Schematische Darstellung einer rechtsseitigen Nierentransplantation mit Gefäßanastomose an den Vasa iliaca.
Schematische Darstellung einer rechtsseitigen Nierentransplantation mit Gefäßanastomose an den Vasa iliaca

Zusammenfassende Literatur Nierentransplantation: (Halloran, 2004) (Perico u.a., 2004). Leitlinien der EAU (Breda u.a.,2018).

Epidemiologie der terminalen Niereninsuffizienz

Inzidenz der terminalen Niereninsuffizienz in Deutschland 40/100 000 pro Jahr. Prävalenz der Dialyse ungefähr 60 000 in Deutschland (75/100 000). Die Kosten für eine chronische Hämodialyse betragen pro Jahr und Patient ungefähr 40 000 Euro.

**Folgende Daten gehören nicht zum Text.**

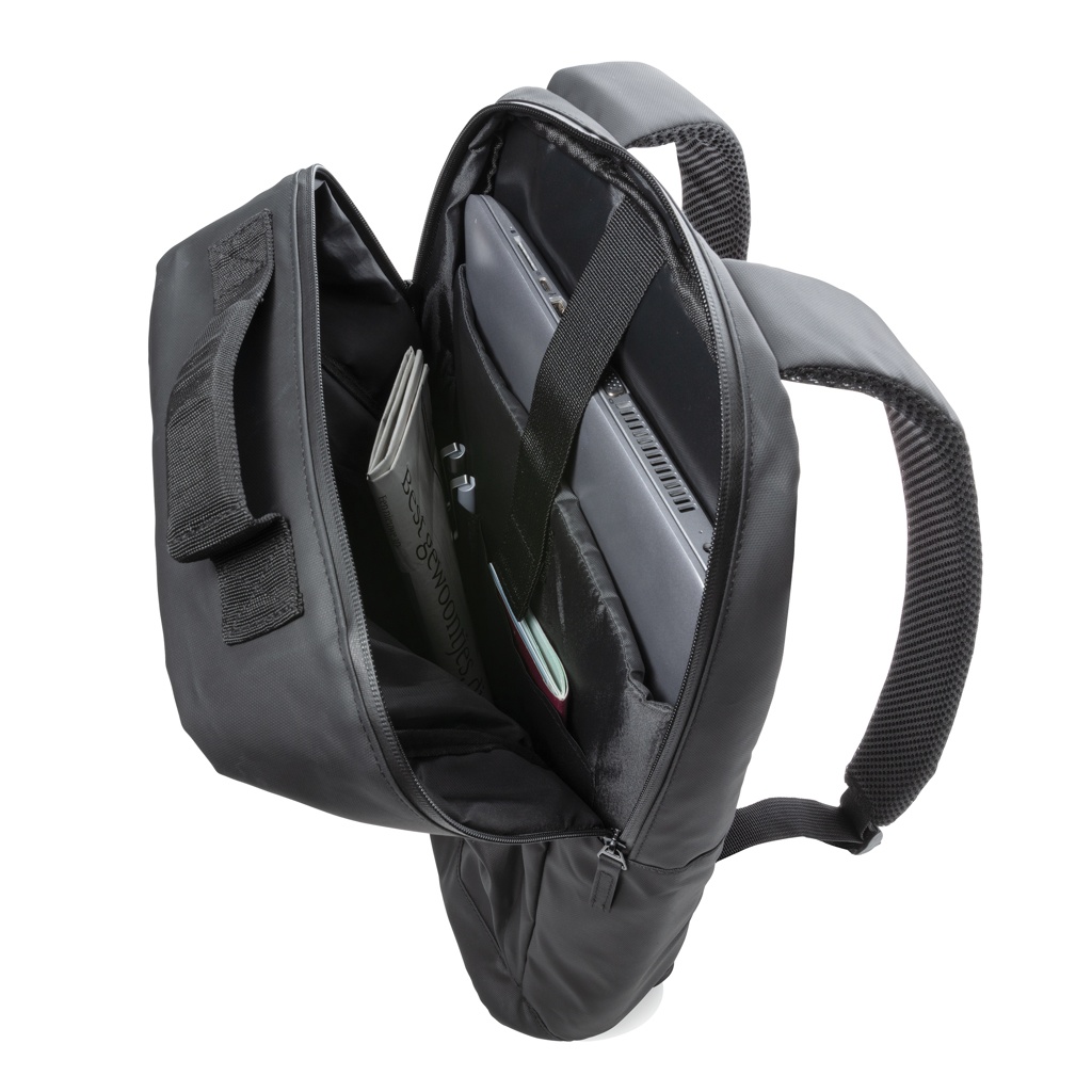 Elegant laptopryggsäck i PU. Stort huvudfack med plats för alla dina tillhörigheter och ett laptopfack med plats för 15.6" laptop. PVC-fri.

Ätiologie der terminalen Niereninsuffizienz

Diabetische Nephropathie 23 %, Glomerulonephritis 23 %, interstitielle Nephritis (bakteriell) 12 %, vaskuläre Nephropathie 10 %, Zystennieren 8 % [siehe Chronische Niereninsuffizienz].

Kontraindikationen für eine Nierentransplantation

Infektionen:

akute bakterielle oder virale Infekte, chronische Parodontitis, Divertikulitis, Cholezystitis, HIV, chronische Pyelonephritis (Nephrektomie notwendig). Nicht sanierbare Infekte wie aktive Tuberkulose oder aktive chronische Hepatitis sind absolute Kontraindikationen.

Malignome:

je nach Tumorstadium oder Tumorbiologie wird ein krankheitsfreies Intervall von mindestens 2 Jahren gefordert. Metastasen sind eine absolute Kontraindikation.

Systemerkrankungen:

fortgeschrittene Herz-, Lungen- oder Leberinsuffizienz.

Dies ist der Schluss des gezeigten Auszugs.